The original shift switch (two-position switch) is setup to choose between ground or an open to fully actuate the shift servo one way or the other. When the switch is in the open position, the input to the controller I.C. is pulled up to 5V through a 10k ohm resistor. In the second position, it is tied to ground.

I will describe three different setups that can be used with this radio. Mods are a little more involved as you progress through the stages.

 

STAGE 1 - Three position switch rear steer (no trim adjust)

STAGE 2 - Three position switch rear steer (with trim adjust)

STAGE 2 - Proportional rear steer (non-spring loaded, no trim adjust)

STAGE 1

For this steering setup, we want the input node sitting at about 2.5V, and then switching to 5V or ground to turn left or right. To do this we'll install a toggle switch (three-position switch) that has a center-off position. You can choose a spring loaded one that returns to center when released, or choose one with no return. (Direction can be reversed, if needed, in the radio menu.) We will also add a 10k ohm resistor (1/4 watt is fine) as shown below.

The diagram shows you the original circuit and the modified circuit. The circuit board photo shows where you can access 5V and ground nodes. Be careful not to flow solder from the 5V and ground nodes that are right next to each other.

STAGE 2

For this steering setup, we also want the input node sitting at about 2.5V, and then switching to 5V or ground to turn left or right. To do this we'll install a toggle switch (three-position switch) that has a center-off position. You can choose a spring loaded one that returns to center when released, or choose one with no return. (Direction can be reversed, if needed, in the radio menu.) We will also add a 100k ohm trim pot and 10k ohm resistor (1/4 watt is fine) as shown below.

This mod also requires the removal of a 10k ohm chip resistor as shown by the arrow in the circuit board photo below.
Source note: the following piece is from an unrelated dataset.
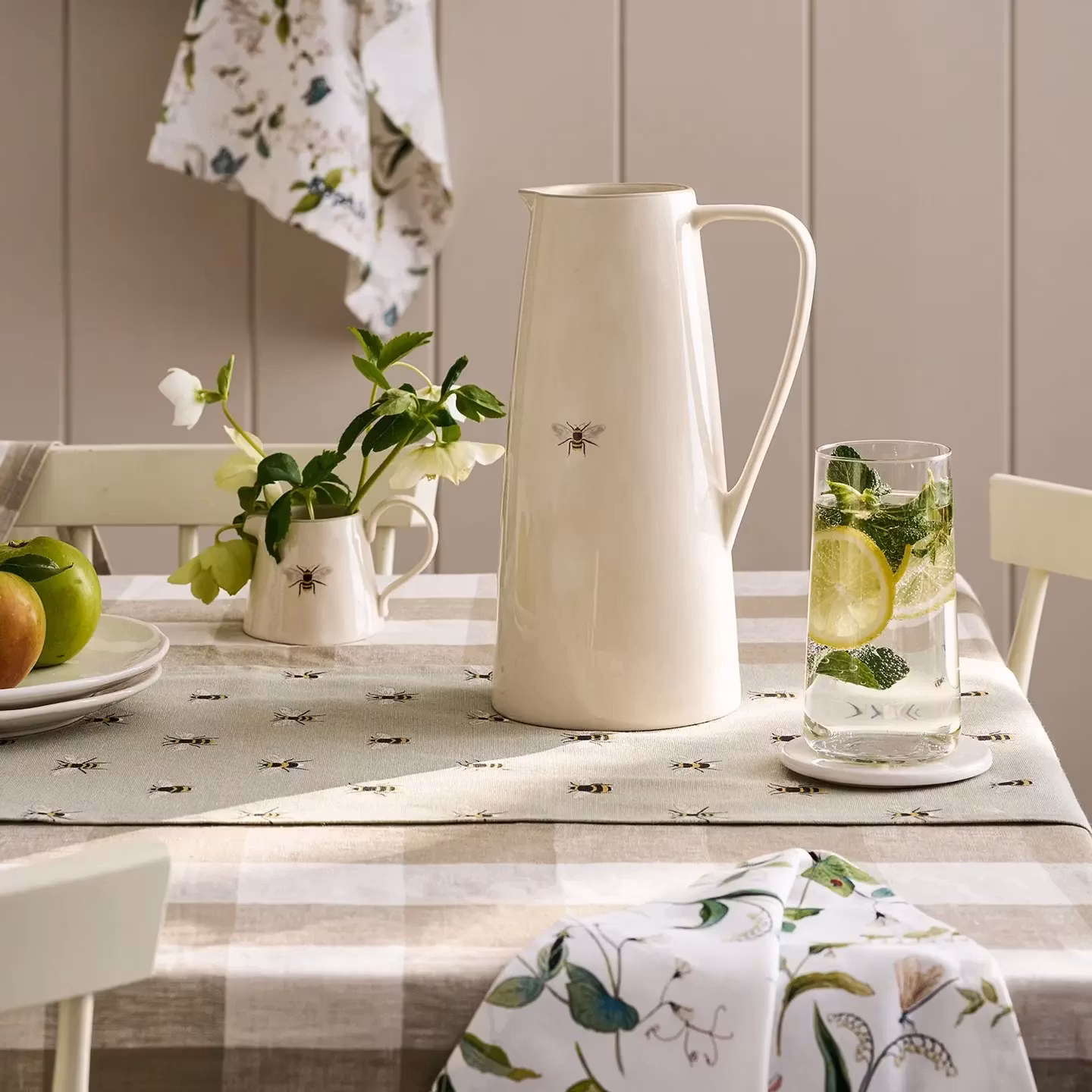 Duka och servera i lantlig charm med denna vackert utformade höga stengodskanna, designad med Sophie Allport's karakteristiska handritade bidesign. Perfekt för att servera drycker eller som en vas för blommor. Den gräddfärgade ytan och den delikata bidesignen utgör ett vackert tillskott till vilket lantkök eller matsalsmiljö som helst.

You will need a small tipped soldering iron and be very careful of adjacent components and traces.

The diagram shows you the original circuit and the modified circuit. The photo below also shows how I mounted a 100k ohm trimpot in the base of the radio. I used a little RTV silicone to secure the wires and hold the trimpot in place. A small hole drilled in the radio case allows access to the adjustment screw.

STAGE 3

For this steering setup, we also want the input node sitting at about 2.5V, and then sweeping towards 5V or ground to turn left or right. To do this we'll install a 100k ohm pot. (Direction can be reversed, if needed, in the radio menu.) We will also add the 100k ohm trim pot and 10k ohm resistor (1/4 watt is fine) as shown below.
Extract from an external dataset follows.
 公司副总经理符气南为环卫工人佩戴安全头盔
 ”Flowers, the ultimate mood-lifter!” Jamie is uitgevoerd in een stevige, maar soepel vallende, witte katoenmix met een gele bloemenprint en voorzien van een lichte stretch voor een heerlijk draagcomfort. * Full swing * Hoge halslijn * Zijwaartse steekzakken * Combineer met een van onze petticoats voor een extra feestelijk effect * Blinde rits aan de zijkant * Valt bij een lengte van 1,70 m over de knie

As shown in Stage 2, this mod also requires the removal of the 10k ohm chip resistor shown by the arrow in the circuit board photo above. You will need a small tipped soldering iron and be very careful of adjacent components and traces.

The diagram shows you the original circuit and the modified circuit. The pot to the left is a panel mounted unit used to control steering. The pot to the right is the same trim pot shown in Stage 2.
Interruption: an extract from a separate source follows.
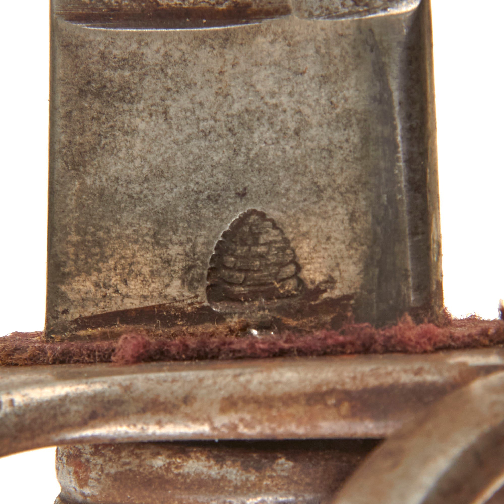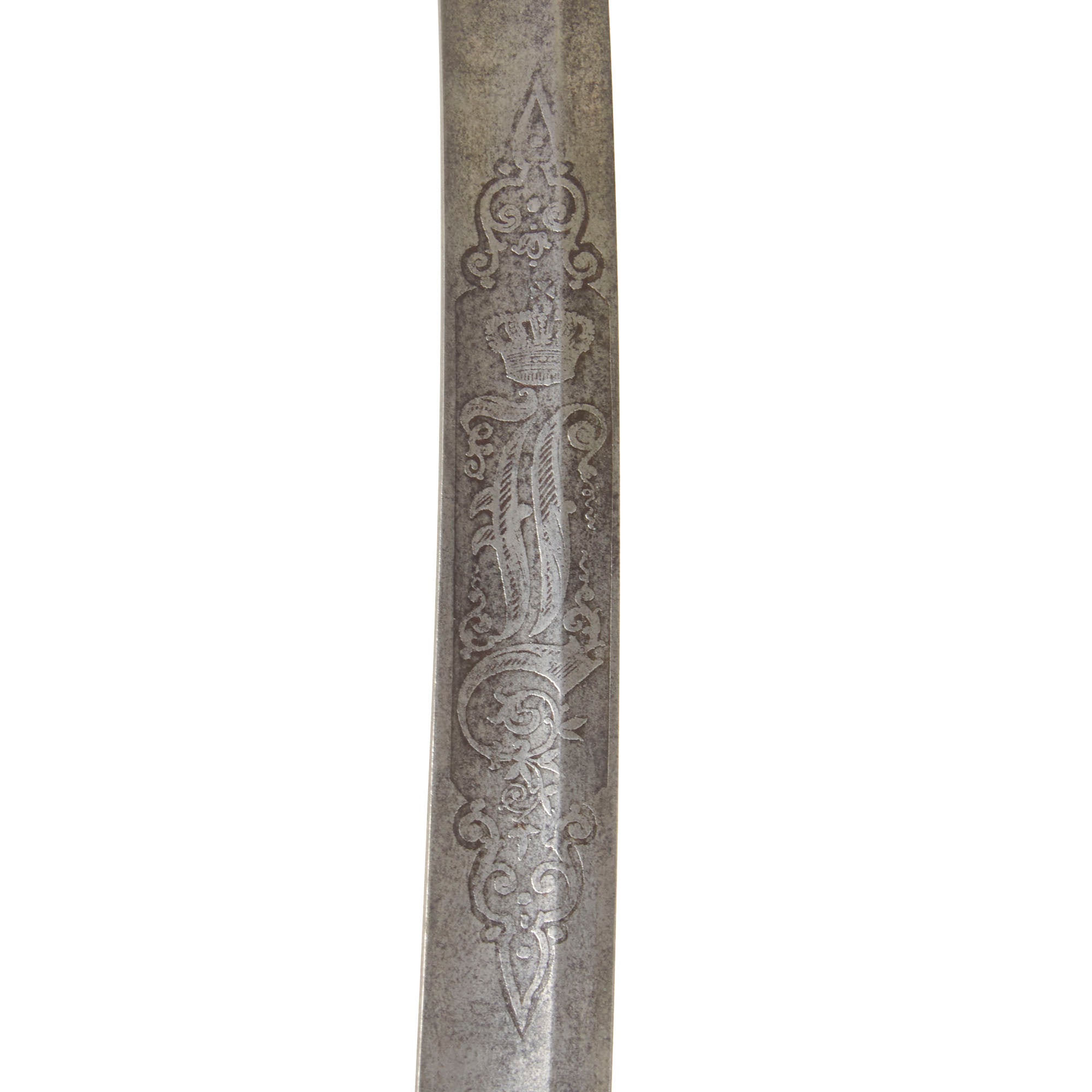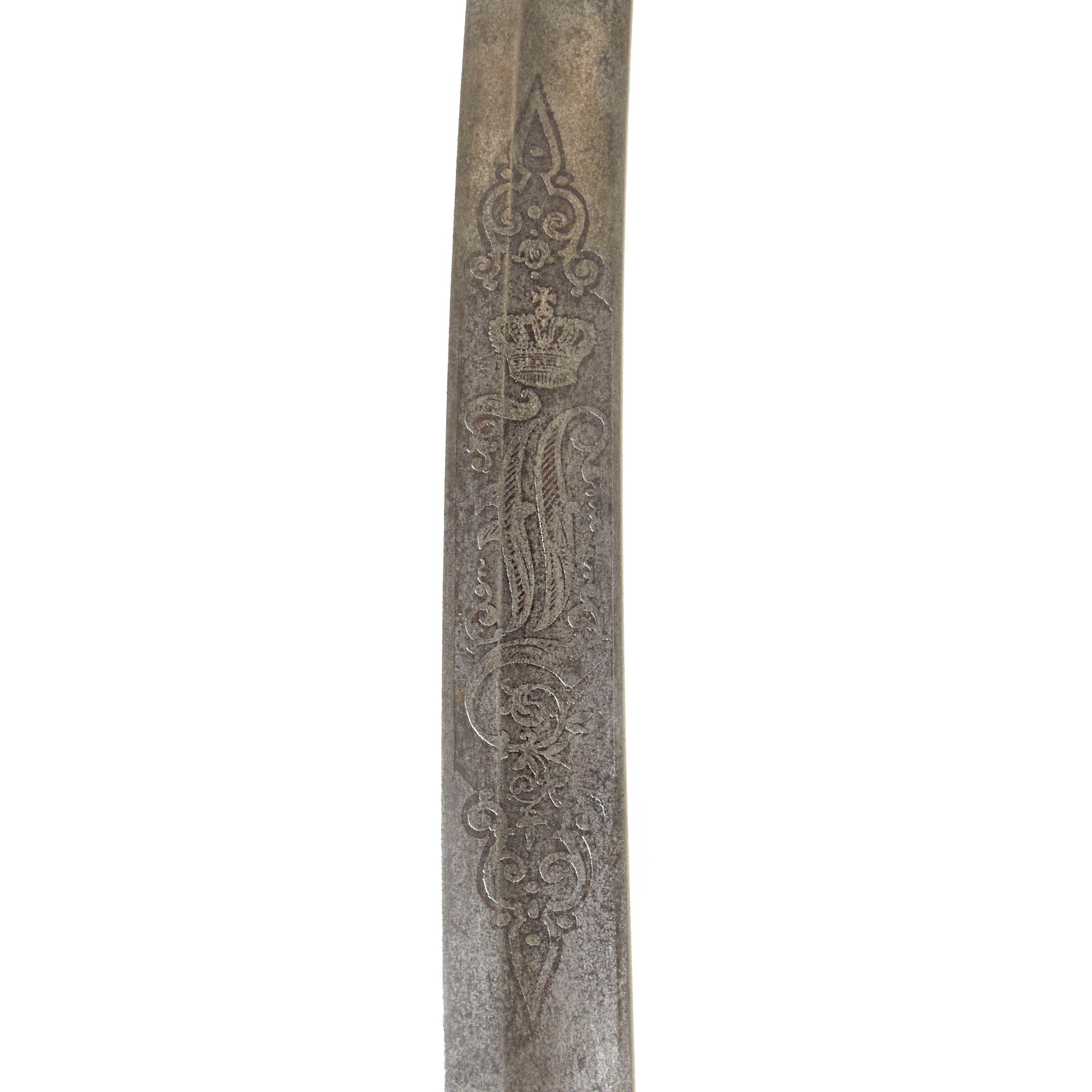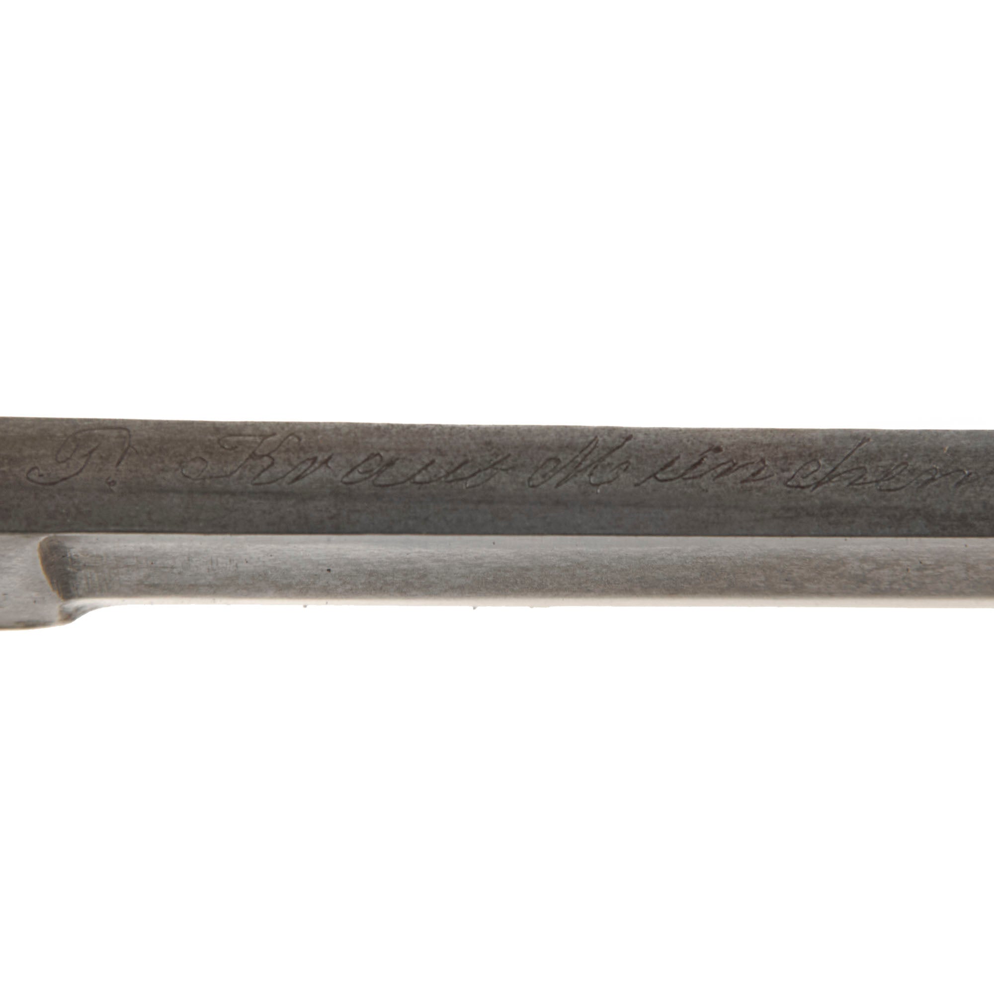 The spine of this example is etched with the retailer of the sword, “F. Kraus München”, for the maker. The ricasso is stamped with a beehive logo, which if often attributed to Samuel Hoppe, a renowned 19th-century sword cutler based in Solingen, Germany. The sword is etched on both sides with the Royal Cypher of King Ludwig II, which is a Crown over the mirrored letters “L”.

The photo of the front of the radio below shows a spot (although tight) where I found I could mount the small panel pot. In the case of my radio, I actually have capability to have simple switched rear steer or fully proportional. I simply added one more toggle switch to choose between which input control I send to the circuit board.

FINISH & REASSEMBLY

You'll need to route the wires within the webbing in the radio case and you will probably have to cut some additional slots to do so. Reinstall any of the little plastic switch pieces that came off the on/off or trim adjustments. Reconnect the battery tray harness and reassemble the radio case with the seven/eight screws. Be careful that all the wiring is routed so it does not become pinched anywhere inside the case.

Enjoy the new independent rear steer!